OpenVPN Support Forum

I have successfully spun up an OpenVPN server and connected to it in my network. So far so good.

But I have another network that just allows TLS handshake to be established with well-known TLS certificates. So in this network, I face the "TLS handshake failed".
I am new to OpenVPN. I am looking for a solution to use a domain with a certified TLS to connect to the server. Is it even possible?

Hi there!
With "another network" you mean "another OpenVPN server"?
When connecting to a specific OpenVPN server you need credentials (i.e. a certificate) that is valid for *that* server.

Hey!
No. There is one OpenVPN server. Clients are in different networks.
To be precise, I can connect to the OpenVPN server. But clients in Iran(another network) cannot connect to it. Because they blocked the TLS handshake. As I said, they only allow TLS handshakes for well-known issuers.
I do not know how the OpenVPN handshake works. I think if I can use a domain with a well-known TLS issuer, the problem will fix.

OpenVPN does not perform a classic TLS handshake like (for example) web browsers.
So probably in Iran they entirely blocking the OpenVPN protocol or the port being used (?)

Thanks for the clarification. Is there any documentation on how the TLS handshake works in OpenVPN?

For now, I run a server inside and did ssh port forwarding to the OpenVPN server. People can connect to the OpenVPN server through the inside server. But I was looking for a solution to remove the inside server. Note that the OpenVPN IP is not blocked and can be reached from Iran. Furthermore, I use a different port rather than 1194(the default port).

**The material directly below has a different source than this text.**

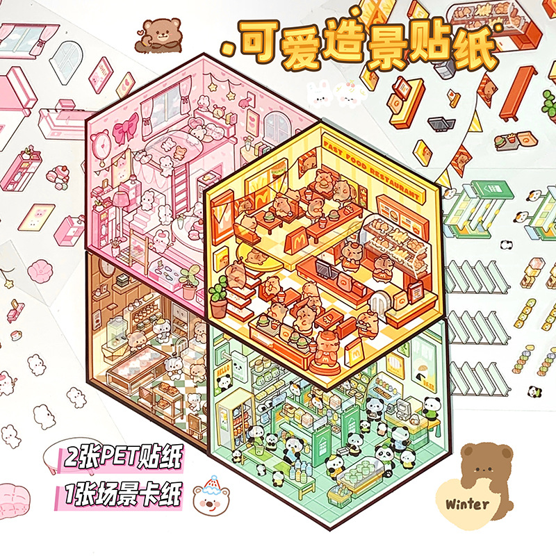 新品2.0ミニチュアシーンステッカー造景ミニストレス解消手作りステッカー2.5D造景diy手作りステッカー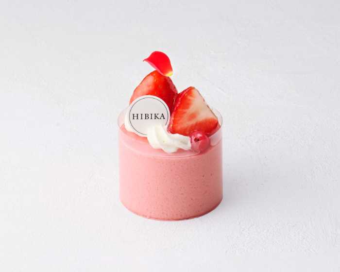 さらに苺とフランボワーズのムースで包み込み、甘酸っぱい国産苺をトッピングしています。見た目の可愛らしさと上品な味わいが両立した一品です。

I should mention that without the inside server, the clients get a "TLS Error: TLS key negotiation failed to occur within 60 seconds (check your network connectivity)" error. I think the problem occurs before the OpenVPN protocol initiates and the connection cannot be established.

My finding: the server receives the TLS request, then answers it. But the client does not receive the server's answer.

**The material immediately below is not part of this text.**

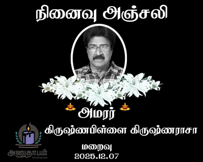 அமரர் கிருஷ்ணபிள்ளை கிருஷ்ணராசா 06.01.2025 Jaffna Share Post Facebook Twitter LinkedIn Pinterest Save Submit Review உங்கள் இரங்கலை தெரிவிக்க - “அமரர் கிருஷ்ணபிள்ளை கிருஷ்ணராசா” Cancel reply அனுதாபம் துக்கம் கருணை பச்சாத்தாபம் Save my name, email, and website in this browser for the next time I comment. Drop images to upload or Gallery Images உங்கள் இரங்கலை தெரிவிக்க - “அமரர் கிருஷ்ணபிள்ளை கிருஷ்ணராசா” Cancel reply அனுதாபம் துக்கம் கருணை பச்சாத்தாபம் Save my name, email, and website in this browser for the next time I comment. Drop images to upload or Gallery Images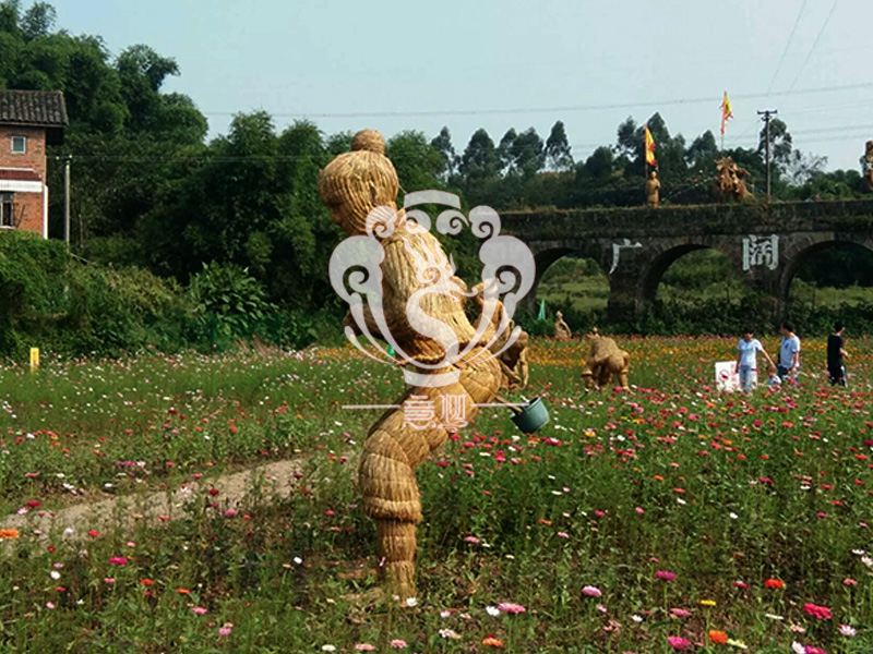 現在的精致稻草人藝術通常是由專業美術老師的造型放樣,然后由焊工師傅焊接出立體造型造型,然后以稻草或者稻草繩為材料編捆制作而成。

It's very possible that they are intercepting the OpenVPN wire format and just dropping all packets. The TLS handshake is performed like any other handshake, but it happens *inside* the OpenVPN encapsulation. The latter is what might be getting blocked

ordex wrote: ↑

Thu Oct 20, 2022 11:59 am

It's very possible that they are intercepting the OpenVPN wire format and just dropping all packets.

Does this answer why it is possible to connect to OpenVPN through an SSH port forwarding?

ordex wrote: ↑

Thu Oct 20, 2022 11:59 am

The TLS handshake is performed like any other handshake, but it happens *inside* the OpenVPN encapsulation.

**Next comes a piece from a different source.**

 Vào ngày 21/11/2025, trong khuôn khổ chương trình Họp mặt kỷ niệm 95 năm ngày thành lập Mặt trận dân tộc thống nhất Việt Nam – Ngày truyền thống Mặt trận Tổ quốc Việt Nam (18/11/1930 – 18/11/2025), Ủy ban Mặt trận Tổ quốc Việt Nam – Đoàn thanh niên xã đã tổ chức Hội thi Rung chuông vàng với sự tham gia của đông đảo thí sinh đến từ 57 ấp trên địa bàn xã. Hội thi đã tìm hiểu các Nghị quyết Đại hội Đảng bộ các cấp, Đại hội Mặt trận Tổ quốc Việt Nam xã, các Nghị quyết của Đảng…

I know this might be a silly question. It is not possible to use a signed certificate(like websites), right?

Zartosht wrote: ↑

Thu Oct 20, 2022 12:45 pm

ordex wrote: ↑

Thu Oct 20, 2022 11:59 am

It's very possible that they are intercepting the OpenVPN wire format and just dropping all packets.

Does this answer why it is possible to connect to OpenVPN through an SSH port forwarding?

Yeah, in this case the connection looks like a normal SSH connection. What flows inside is not visible to whoever is intercepting it.

I have also the similar problem. I have a Centos 7 server outside Iran, and the IP is not blocked. However, any VPN that I have installed (including Outline, OpenConnect, Wireguard, and OpenVPN) fails to do the TLS handshake with the clients inside Iran. Not to mention that all vpn's work fine if the client is outside Iran.
I tried anything I could:
- upgrading TLS to TLS1.3,
- VPN obfuscation via auth-crypt and auth-crypt-v2 in Openvpn
- relaxing any key verification by the PAM auth (username and password) in Openvpn.
Nonetheless, the problem persists; After receiving the initial TLS packet from the client, the connection stuck and fails.

Any suggestion to circumvent this governmental internet blockage?
Is there any authorization method in Openvpn which does not need this first initial TLS packet?